This repository contains the most relevant quantizations of Stability AI's
[StableLM-3B-4E1T](https://huggingface.co/stabilityai/stablelm-3b-4e1t) model
in GGUF format - ready to be used with
[llama.cpp](https://github.com/ggerganov/llama.cpp) and similar applications.

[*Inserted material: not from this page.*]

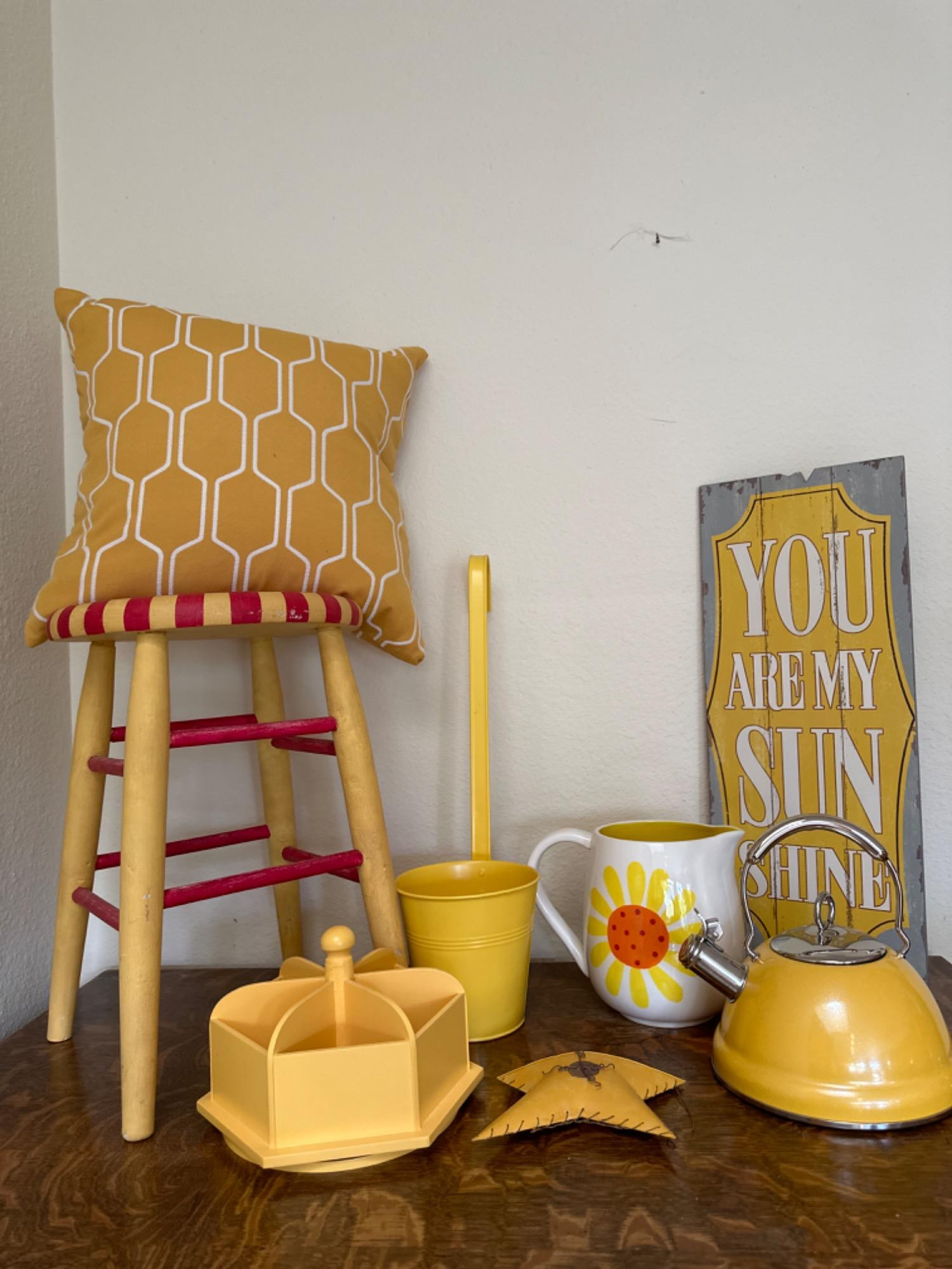 Hello Yellow! Pacific Rim Pitcher and Other Fun Yellow Decor Items. Vintage Pacific Rim sunflower themed pitcher, tea kettle, Hanging container, rotational caddy, metal star wall decor, stool, pillow and sign.

## About StableLM-3B-4E1T ##

Stability AI claims: "_StableLM-3B-4E1T achieves
state-of-the-art performance (September 2023) at the 3B parameter scale
for open-source models and is competitive with many of the popular
contemporary 7B models, even outperforming our most recent 7B
StableLM-Base-Alpha-v2._"

According to them "_The model is intended to be used as a foundational base 
model for application-specific fine-tuning. Developers must evaluate and 
fine-tune the model for safe performance in downstream applications._"

## Files ##

Right now, the following quantizations are available:

* [stablelm-3b-4e1t-Q3_K_M](https://huggingface.co/rozek/StableLM-3B-4E1T_GGUF/blob/main/stablelm-3b-4e1t-Q3_K_M.bin)
* [stablelm-3b-4e1t-Q4_K_M](https://huggingface.co/rozek/StableLM-3B-4E1T_GGUF/blob/main/stablelm-3b-4e1t-Q4_K_M.bin)
* [stablelm-3b-4e1t-Q5_K_M](https://huggingface.co/rozek/StableLM-3B-4E1T_GGUF/blob/main/stablelm-3b-4e1t-Q5_K_M.bin)
* [stablelm-3b-4e1t-Q6_K](https://huggingface.co/rozek/StableLM-3B-4E1T_GGUF/blob/main/stablelm-3b-4e1t-Q6_K.bin)
* [stablelm-3b-4e1t-Q8_K](https://huggingface.co/rozek/StableLM-3B-4E1T_GGUF/blob/main/stablelm-3b-4e1t-Q8_K.bin)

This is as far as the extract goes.